People on HN seem to think this a lot, but they are just wrong.

chaxor · on April 11, 2022

It'sespecially true for ML in general on HN, but it's generally true for a lot of areas in the public - people often mistake skepticism for expertise or knowledge. I think the phenomenon is similar to the large crowd that cries "the sample is too small" any time statistics are brought up.

It's the first thing anyone learns, and it's easy to do.

It's really unfortunate, but that's why you see so many on HN that dismiss new technologies in ML (especially in NLP, since everyone can understand the output - that's less true in e.g. protein folding)

nl · on April 12, 2022

> people often mistake skepticism for expertise or knowledge

This is a pretty good insight.

> that's why you see so many on HN that dismiss new technologies in ML (especially in NLP, since everyone can understand the output

I think also in NLP people see output that is the same as some training data, so think it is copying it. It takes some a little bit more thought to think "ok if I asked 100 experts to try to write how to sort an array in Python" or their code is going to be very similar. This doesn't mean it is copied.

gjm11 · on April 10, 2022

"Stochastic parrots" -- have you seen, e.g., the examples in the PaLM paper of how it does on "chained inference" tasks? I don't see how you can classify that as mere parroting.

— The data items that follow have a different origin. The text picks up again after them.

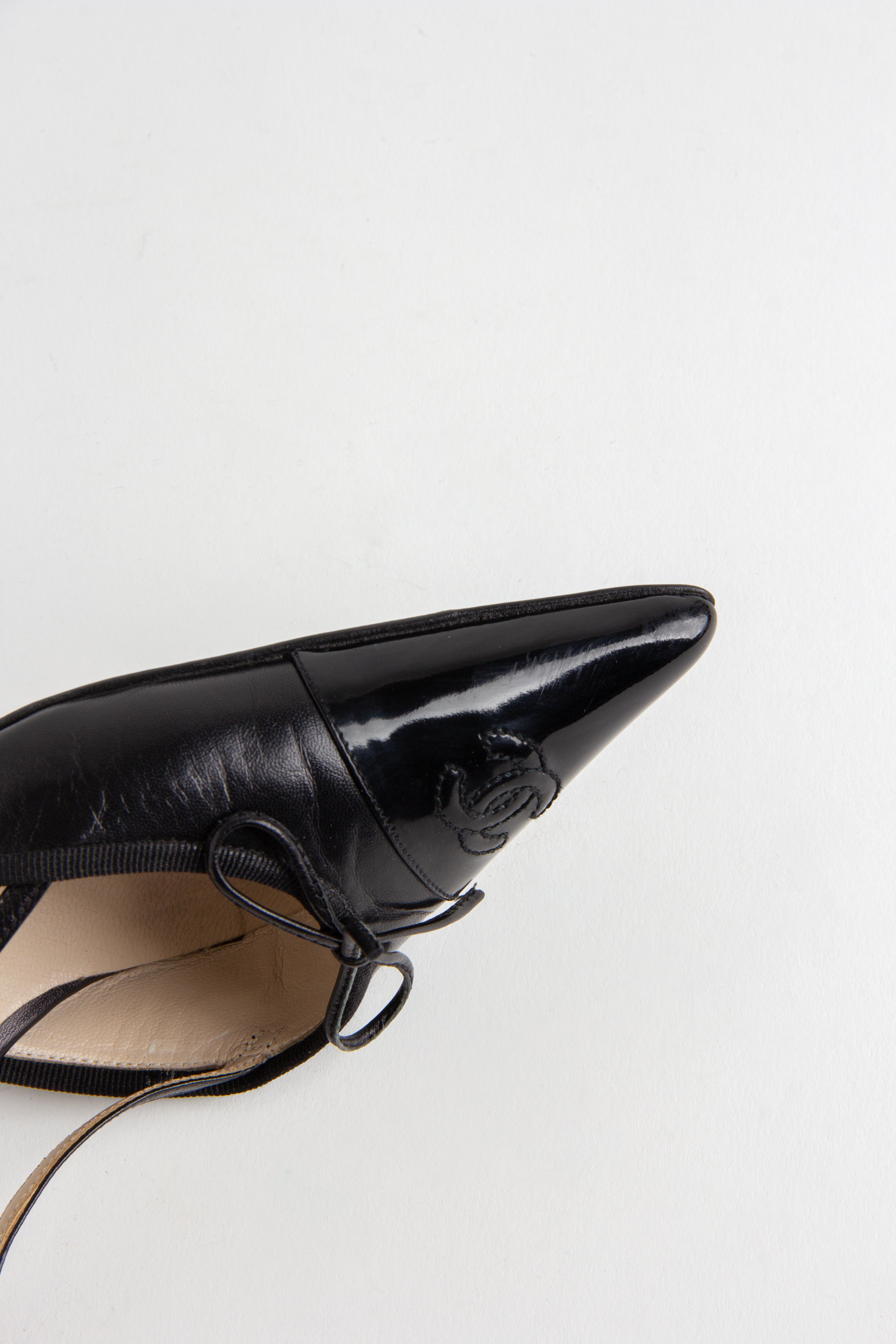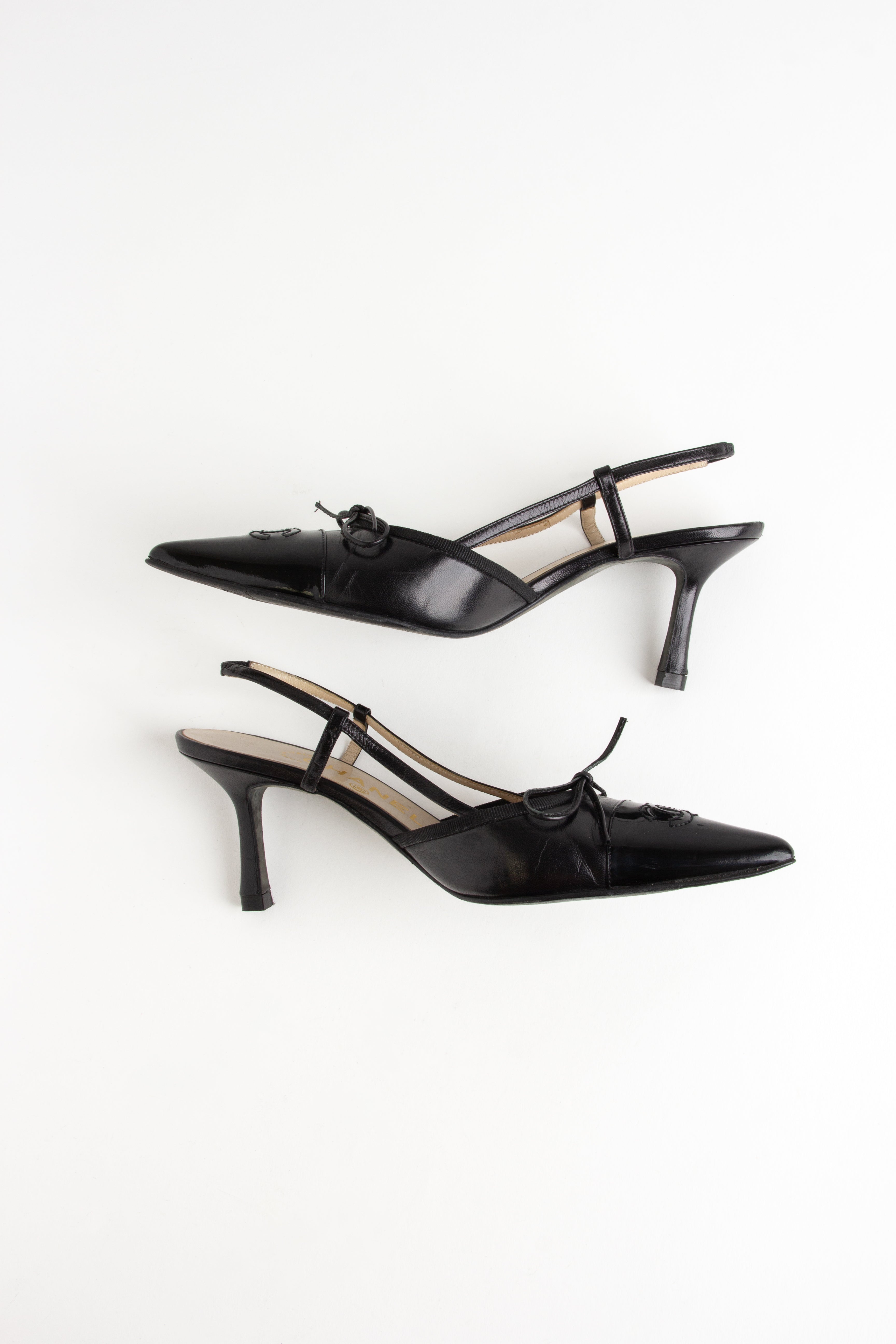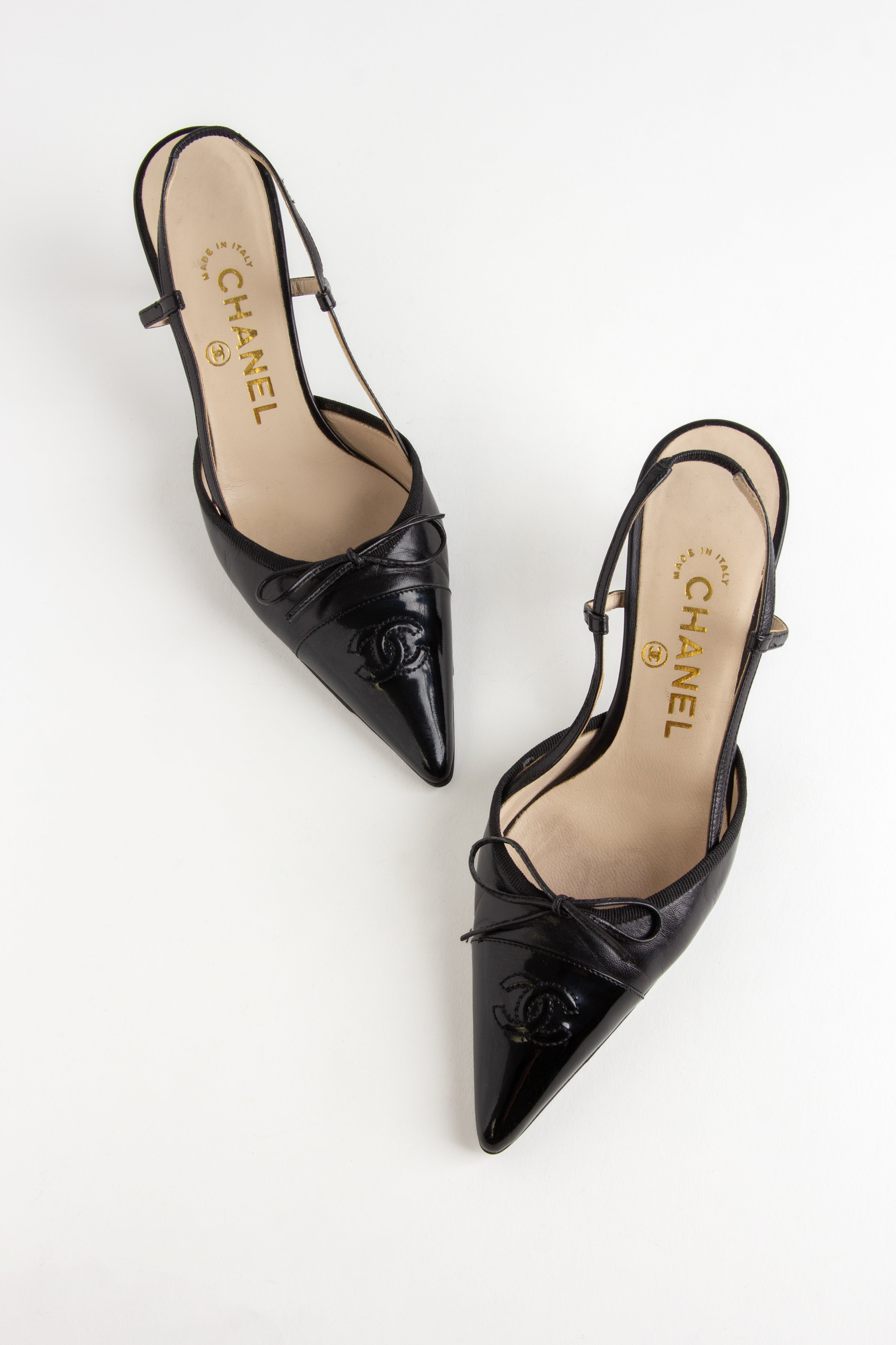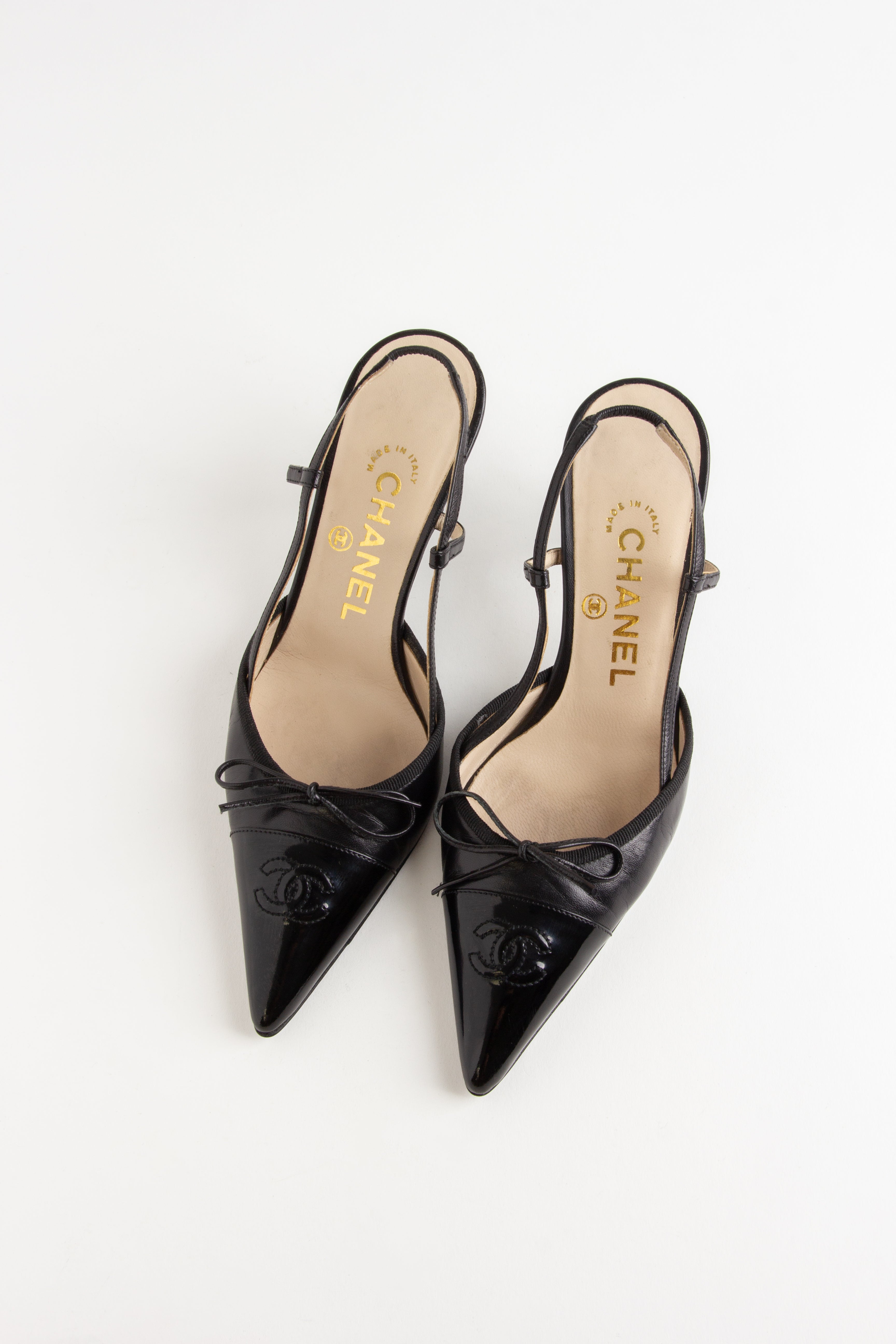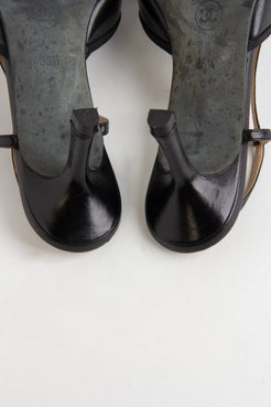 Chanel Black CC Bow Slingback Heels (IT 35.5)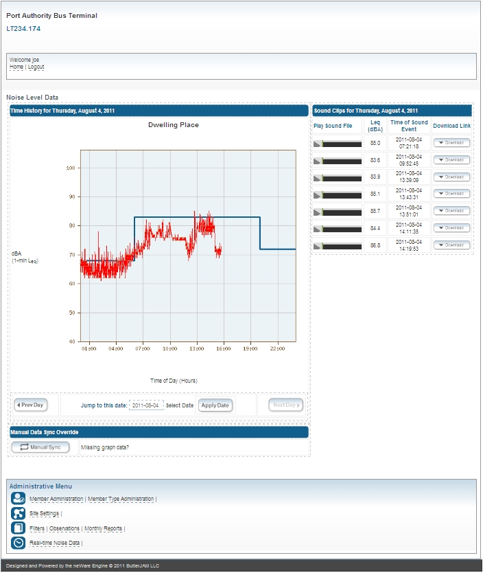 Paul Carpenter Associates contacted ButterJAM to create a system to serve as an online live monitor of the Port Authority of NY/NJ Bus Terminal on 8th and 42nd street. The system is to monitor and track the Noise Environmental Performance Commitments (EPCs) continuously. The customized system is based off ButterJAM’s proprietary neWare content management engine. The system takes live noise data generated from monitors placed onsite and processes the raw data into charts, interactive graphs, and audio playback as specified by the client. Alerts are automatically generated via email in instances of potential noise exceedance as well as service interruption at the busy bus terminal site. Monthly PDF reports are generated with statistical data showing an overview of the month’s data in a easy-to-read tabular format. ButterJAM’s system processes and stores over 80,000 new data records daily and 100MB of new data every week with 2GB of weekly traffic and over 10 online users.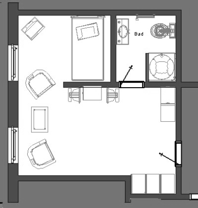 1 Zimmer Wohnung ca. 32 m² Bett 140 x 200 cm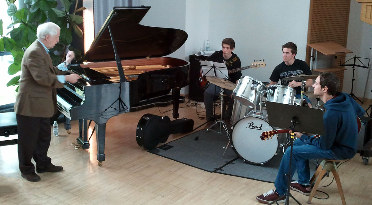 Simon Enz am Bass, Julian Gruber am Schlagzeug und Martin Zanluchi an der Gitarre lauschen den Anweisungen des Maestro.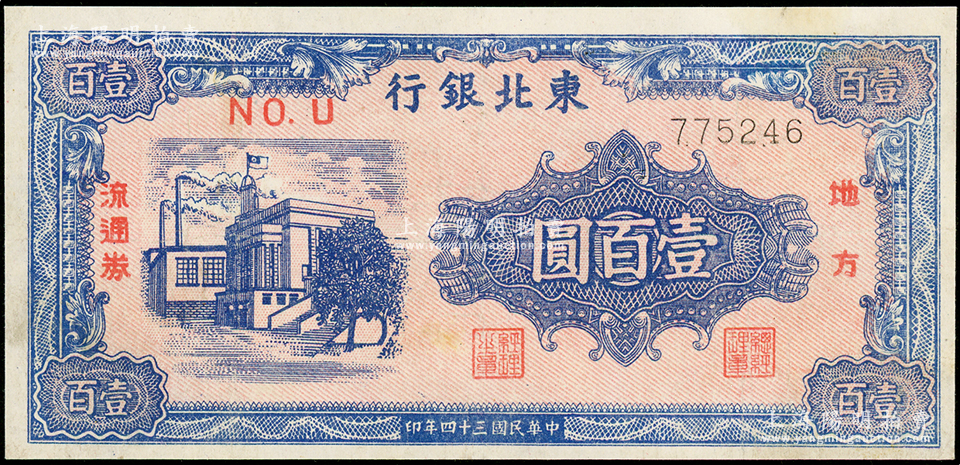 民国三十四年(1945年)东北银行地方流通券壹百圆,细体号码版,八成新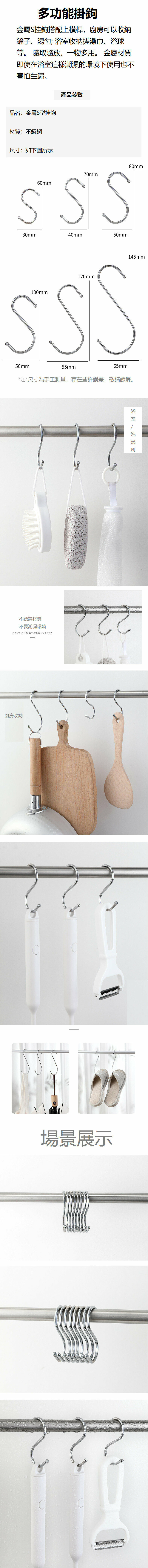 熱推金屬S型掛鈎 (40*70mm/5枚入) |免釘掛鈎 | 不鏽鋼S掛鈎 |浴室廚房掛鉤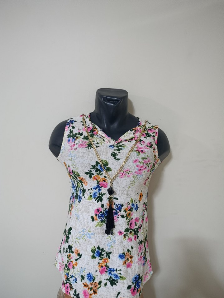 Çiçek Desenli Zincir Detaylı Kolsuz Bluz

visarga · on April 11, 2022

"Stochastic parrots" is a disparaging term coined by SJW propaganda. As if the brain is not stochastic, or we don't parrot from cultural sources. Language models have been accused of bias and lack of explainability, but humans are biased too and can't really explain how we take decisions.

Overall this term says "limited to the intelligence of a parrot" which is false, models can solve math and coding problems, generate passable art, translate and speak in hundreds of languages and beat us at all board and card games. When was a parrot able to do that?

robbedpeter · on April 11, 2022

The math the models are doing are similar to rote rule chaining as opposed to calculation. The errors made look like kludged together lookups. I wonder if you could sequence the training of a model so that you could reinforce calculations over lookups, to encourage the development of an accurate and advanced mathematics module.

Neural networks can do math, but a lookup and memorized value model is structurally a lot different than a calculator model. The difference between them is a matter of weights for any given architecture. Tokenizing properly for math would help, but doing bit level tokenizing would be best, because that would allow multimodal domains to integrate more readily (i.e. audio/video/text models could share learned features more easily than if you are using parsed or domain specific tokens.) It's a great time to be alive.

riku_iki · on April 11, 2022

> it does on "chained inference" tasks

To me, it is more proof of "stochastic parrot" behavior: model seen most of the available math information in internet, and even with significant computational power, can solve only 58% of elementary school level questions, and they were probably those with clear examples in training data, and can't generalize on those beyond.

robbedpeter · on April 11, 2022

In limited, often zero or one shot probing of the model, yes. Do multiple generations and recursive passes over the output to have the model select and iterate on a target and the utility goes way up. You can coax great output from small models, even the 125m parameter gpt-neo.

The process kinda goes like this -

Think of ten answers to this question: blah blah blah

From these ten answers, which are the best 3?

Of the three answers, which is the best?

Revise and edit the best answer to be simpler or more understandable.

Prompt engineering is a nascent field, and we haven't seen nuanced or sophisticated use of the tool yet. Most of the metrics reported in papers are barely better than a naive Turing test. It doesn't take much introspection to know that even humans endlessly iterate and revise their output, and the best extemporaneous speech doesn't match well curated and edited material. It shouldn't surprise us that similar editing and revision processes will benefit transformer output.